# First time home builder- doing my own plans. Need help



## k2mattin (Nov 17, 2008)

As the title says, I am a first time home builder and I am doing my own plans. My township allows me to complete my own plans for permit, when I hire a framer I will work with them to hash out any details I may have left off by ignorance or mistake.

I'd like to get as close as possible, and I currently have a working design bid set I have sent out to some roofing/siding/window contractors etc.

Would anyone be able to take a quick look at the plans the way they are currently, and give me your .02 cents on what should be added, changed, or removed to get a little further towards Issued for Construction? I've attached the pictures, not great quality but doesn't look like I put post the PDF.

Thanks in advance.


Sent from my iPhone using Tapatalk


----------



## kroppe (May 7, 2000)

My eye can't look away from the narrow space between the garage and the coverage porch area. Do you like it that way? Does the narrow space serve a specific purpose?


----------



## Quack Addict (Aug 10, 2006)

kroppe said:


> My eye can't look away from the narrow space between the garage and the coverage porch area. Do you like it that way? Does the narrow space serve a specific purpose?

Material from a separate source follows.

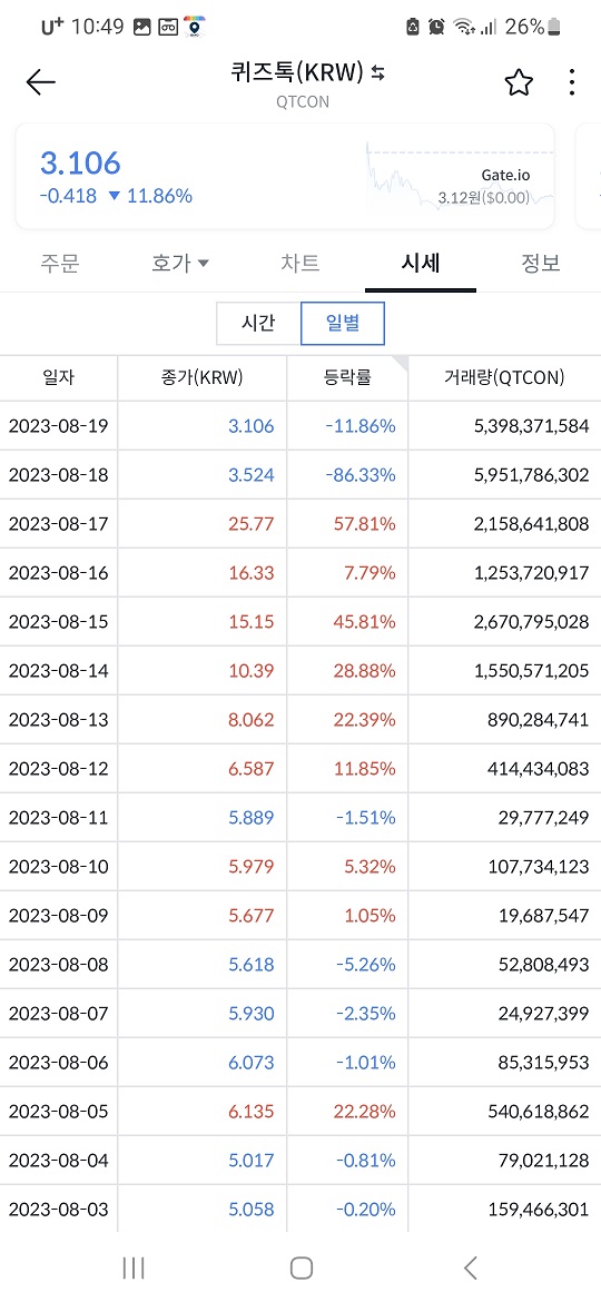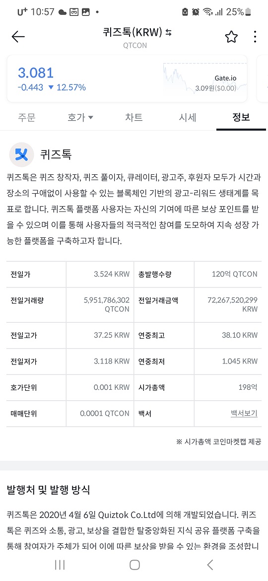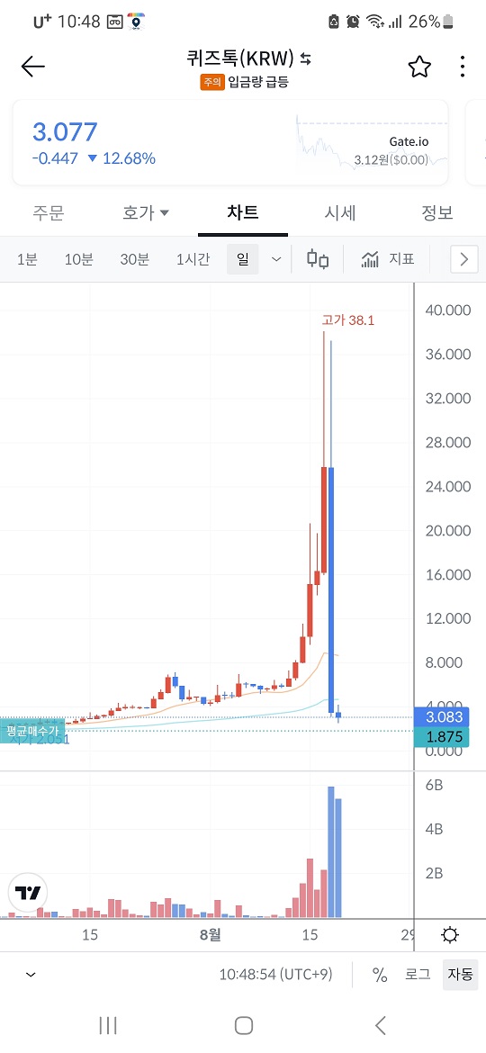 퀴즈톡 코인은 연중최고 38.10원을 기록했고 금년 4월 제가 매수할 때만 하더라도 1.875원이었는데 금년 6. 중순부터 꾸준한 상승을 통해 최고점을 찍었다가 현재는 이틀 상간에 급격한 하록으로 3.072원에서 횡보 중에 있습니다.

It's a windblown leaf collector. I have something similar on my house. You need to have one to truly appreciate it.


----------



## k2mattin (Nov 17, 2008)

I bumped it out off the house in order to create a space for platform and bench seat in the garage. Also allows me to run electric through that corner of the house as opposed to the other corner. Depending on where they branch off their main line it might save some money. 

Ultimately it will be landscaped and probably an arborvitae there.


Sent from my iPhone using Tapatalk


----------



## kroppe (May 7, 2000)

What if you widen the connecting space (breezeway? mud room?) between the garage and house? The narrow notch seems like wasted space. Bring the roof ridge with it so it is centered over the now-wider mudroom/breezeway.


----------



## k2mattin (Nov 17, 2008)

kroppe said:


> What if you widen the connecting space (breezeway? mud room?) between the garage and house? The narrow notch seems like wasted space. Bring the roof ridge with it so it is centered over the now-wider mudroom/breezeway.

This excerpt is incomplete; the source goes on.